Recent advancements in digital tools allow us to dig into the vast amounts of data we have available and reveal patterns we weren’t able to detect earlier. We are able to build richer analytics and create digital solutions enabling us to monitor and predict future states of our equipment, and thus improve our uptime and reduce costs. However, how many sensors do you need to get started with machine learning?
WHAT’S A SENSOR?
First of all, sensors are the foundation of the industrial internet of things (IIoT). Sensors are used to either detect or measure some input from the physical environment and convert it into desired output. IIoT sensors are smart and have the ability to communicate with other sensors and connected devices. There are hundreds of sensors available for all sorts of industrial assets. Sensors are usually very specific and the sensor data gathered range from:
- distance, etc.
Finding the right sensors to monitor your most critical assets will provide you with a wealth of data.
EDGE ANALYTICS, EDGE COMPUTING, AND INDUSTRY EXPERTISE
Even though you’ve connected sensors to your equipment, this doesn’t necessarily mean you’re gathering lots of data. You need to be able to access and analyze this data, even in remote locations. As mentioned in earlier blogs, this is where edge analytics and edge computing comes in. You can learn more about this in our whitepaper about edge analytics:
Moreover, regardless of the IIoT solutions and data you’re able to gather, you still need deep insights into your processes and industry too. Enabling the decision-makers to make good decisions requires a complex orchestration of continuous analysis of sensor data from one or more physical assets combined with other types of historical or real-time data and domain expertise. Your operators need clear insights into what actions to take, and why.
HOW MANY SENSORS DO YOU NEED?
I’m guessing you read this post in hopes to learn the exact number of sensors you need. Unfortunately, I’m not able to give you that answer because it depends.
WHAT BUSINESS PROBLEM ARE YOU TRYING TO SOLVE?
It depends on the business problem(s) you’re trying to solve.
Do you want to
- reduce downtime?
- improve performance?
- detect failure?
- predict failure?
But this isn’t enough. You need to dig deeper than that. For instance, when you say, predict failures, what do you mean? Do you mean you want to know when that failure occurs? Do you want to know what specific failure is happening? Do you want to know if it's about to happen? Do you want to know which component it’s happening on?

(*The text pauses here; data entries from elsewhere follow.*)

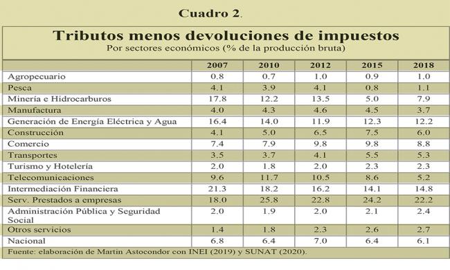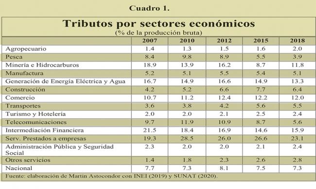En el cuadro 1 se aprovecha la información de la recaudación por tributos internos clasificada sectorialmente por la SUNAT en actividades económicas, según la Clasificación Industrial Internacional Uniforme. Al mismo tiempo estos resultados se expresan respecto del valor de la producción bruta sectorial calculada por el INEI. Estos resultados son útiles para determinar cuáles son las actividades económicas que contribuyen más o menos a los ingresos públicos. Hay sorpresas interesantes.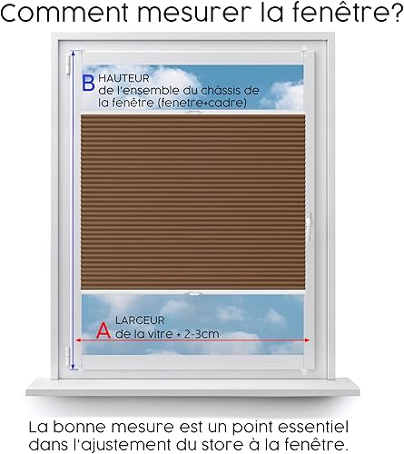 Concept Blinds Store Plissé Occultant sur Mesure – Installation Facile sans Perçage – Largeur 30–170 cm x Hauteur 20–240 cm – Stores Plissés Occultants pour Fenêtres et Portes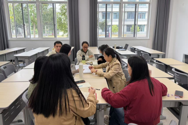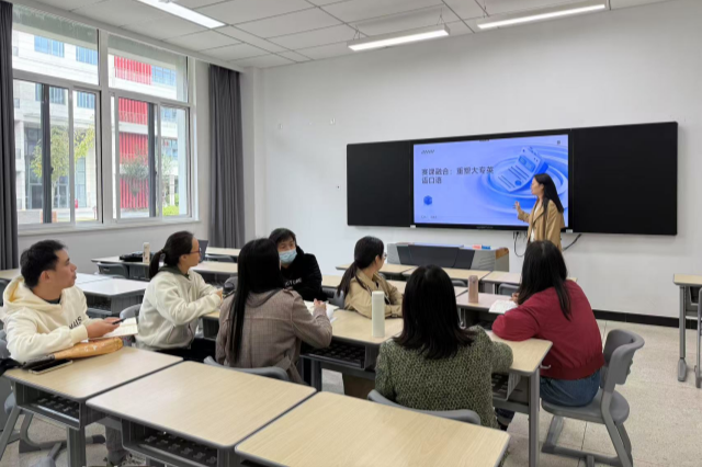 在交流研讨环节,有的老师提出,赛课融合教学应注重差异化设计,针对不同专业学生的职业发展需求,定制贴合专业场景的竞赛式教学内容,让英语口语学习更具针对性与实用性;还有老师围绕教学评价体系构建、竞赛训练与常规教学时间分配、教学资源整合利用等问题提出思考,大家相互启发、共同探讨,形成了多项切实可行的教学优化思路。
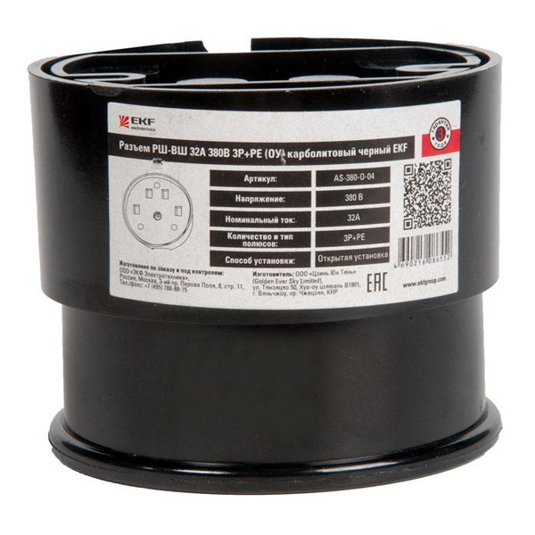Разъем 1-м ОП РШ-ВШ 32А IP20 3P+PE 380В карболит. черн. PROxima EKF AS-380-O-04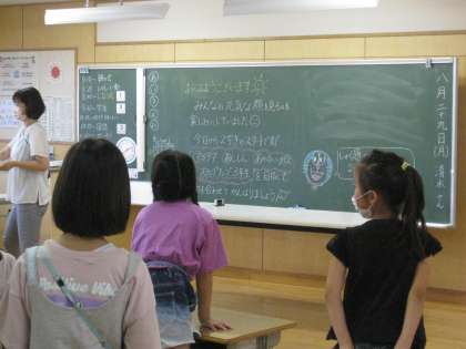 提出物、夏休みの課題等を出したり、席替えをしたり、夏休みの体験をみんなに語ったりしています。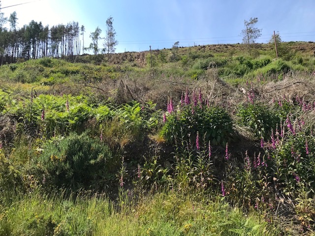 Previous clearances had enabled masses of foxgloves to flower in between fresh leaved shrubs hiding stumps of sitka spruce. Before leaving the sparkling College burn, on a corner where the access road bridged it, we came across a young deciduous wood thriving where once a block of featureless softwoods had stood. Oak, hazel and alder planted in the spirit of that original Collingwood oak wood.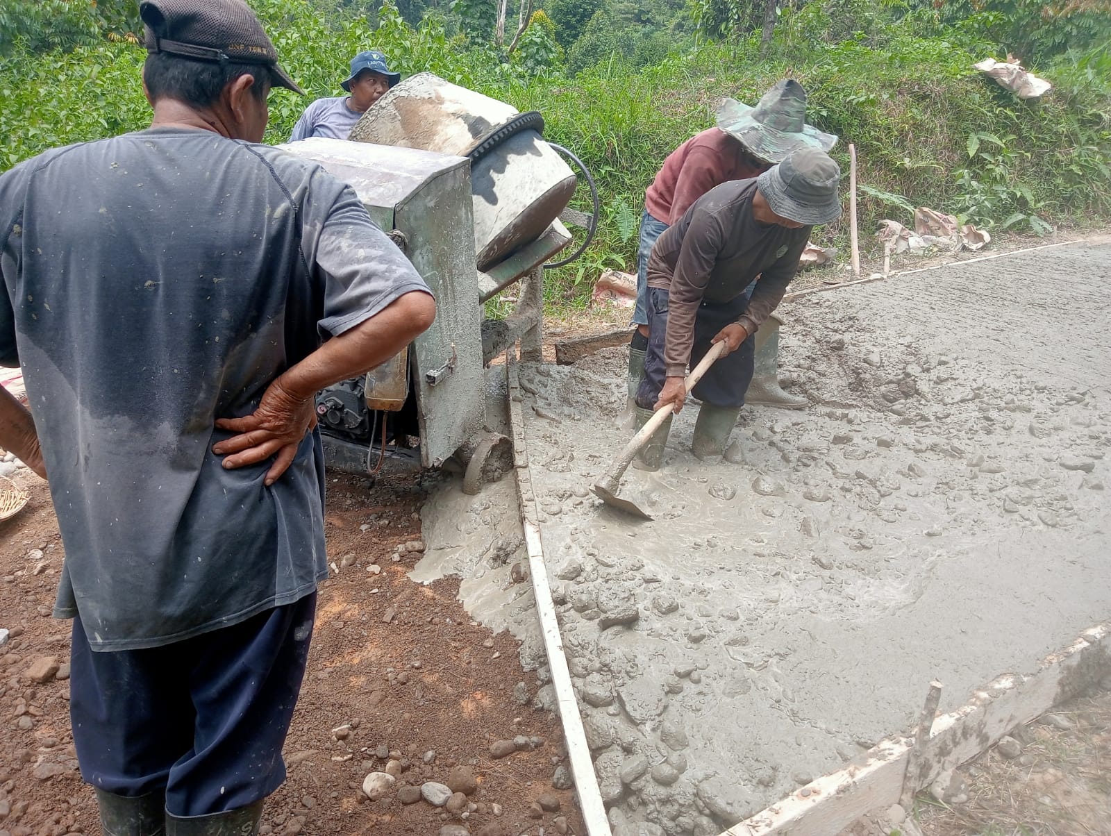Dengan cangkul, sekop, dan ember di tangan, mereka bergotong royong mengecor jalan sepanjang lereng bukit yang membelah kawasan hutan rakyat itu. Suara adukan semen yang diaduk molen bercampur dengan tawa warga. Di tengah peluh dan debu, gotong royong terasa hidup. Setiap ember semen yang dituang menjadi simbol kebersamaan dan tekad memperbaiki akses kehidupan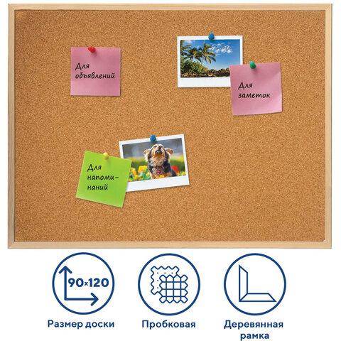 Поверхность изготовлена из натуральной пробки. Имеет деревянную рамку. Размер доски — 90х120 см. Цвет покрытия: коричневый. Возможность горизонтального и вертикального размещения доски. Крепится к стене, элементы крепления входят в комплект. Гарантия 10 лет. Отверстия в пробке «закрываются» сразу же после извлечения кнопки. Таким образом, доска прослужит на протяжении долгих лет, несмотря на частое использование.

Decide on the actual business problem you want solved and what value you want out of it. Do you want to remove existing pains by automating manual processes of for instance detecting what’s normal or not? Thus reducing the time to do this? Or do you want to put in place a system of comprehensive models to reflect all your equipment’ components and have a “digital engineer” monitor your equipment?
TRANSLATE YOUR BUSINESS PROBLEM INTO A TECHNICAL PROBLEM
When you know which business problems to solve, you need to translate each one back into a technical problem. You need to translate it into something that you can actually implement and execute. Once you have a technical problem, you can start investigating the technical requirements, one of them being data. What’s the minimal data set you need to solve or help solve the problem?

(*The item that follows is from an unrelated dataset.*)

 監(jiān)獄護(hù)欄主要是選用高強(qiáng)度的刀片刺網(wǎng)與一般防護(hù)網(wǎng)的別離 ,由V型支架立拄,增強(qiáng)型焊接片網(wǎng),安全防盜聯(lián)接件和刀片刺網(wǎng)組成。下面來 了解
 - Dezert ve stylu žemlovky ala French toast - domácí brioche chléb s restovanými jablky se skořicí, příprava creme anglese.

Here are some examples to consider:
In some cases, where the problem is very specific you might just need one KPI or one condition monitoring model taking in 2 signals. A simple example of this can be automating what the engineer is doing when a crane has failed. He’ll get a service report and ask for more data, for instance two pressure signals. He’ll start looking for patterns. If he can visualize that the signals were misaligned or that they started to deviate from each other where they shouldn’t - is this why the crane failed? If that’s true, we could automate what he’s doing using these two signals.

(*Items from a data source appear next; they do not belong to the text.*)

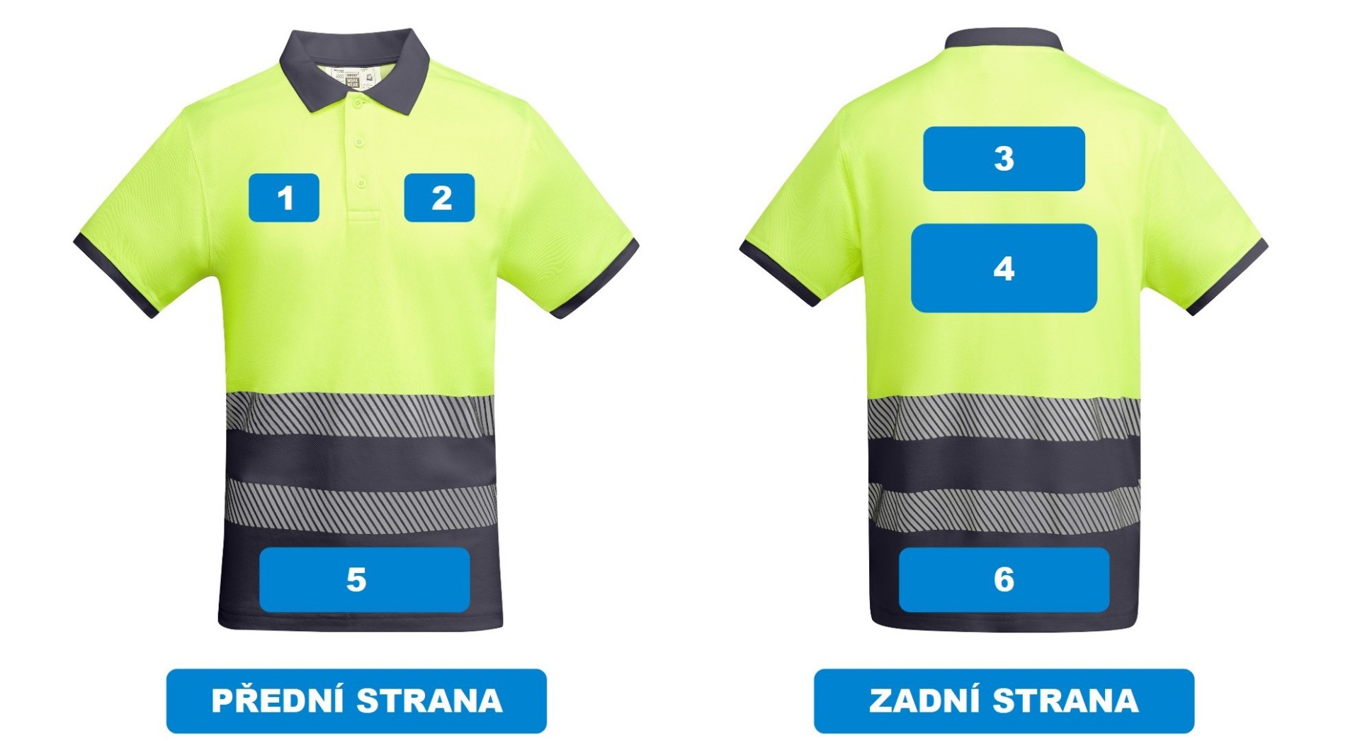 - Dva segmentové pruhy s vysokou viditelností na hrudi.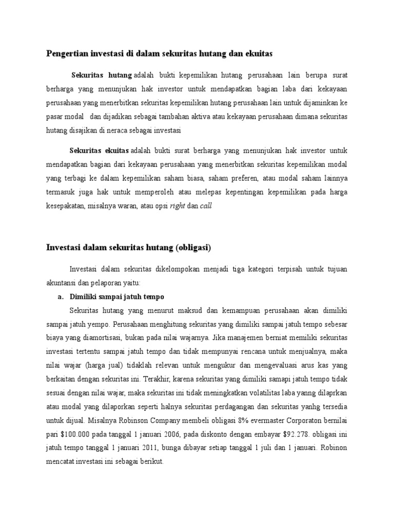 Pengertian Investasi Di Dalam Sekuritas Hutang Dan Ekuitas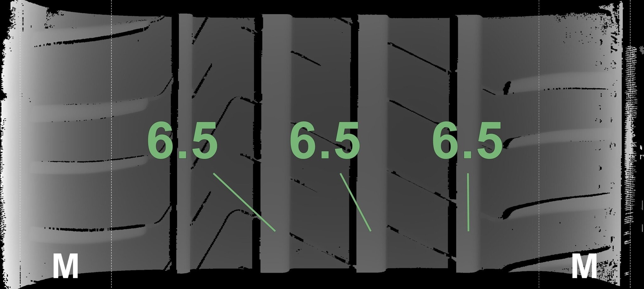Zustand | Profiltiefe | DOT | Hinterachse Links | Neu | 6,5 mm | 1123 |

In a more extreme and complex example of anomaly detection on compressors, you could have 100 sensors and you want to be notified about any suspicious behavior. You’re not looking for anything in particular like in the first case. You're looking for anything that looks out of the ordinary. Here you’d use all the available information and given that you know what “normal” behavior is, you’d use that to train the algorithms to detect what isn’t.
Start off with the business problem you need solved. Moreover, it’s important to get started with projects that are feasible today using the systems of record and data sets that can be accessed easily. Capture a few quick wins to build value, competency, and momentum before you take on more ambitious digital initiatives.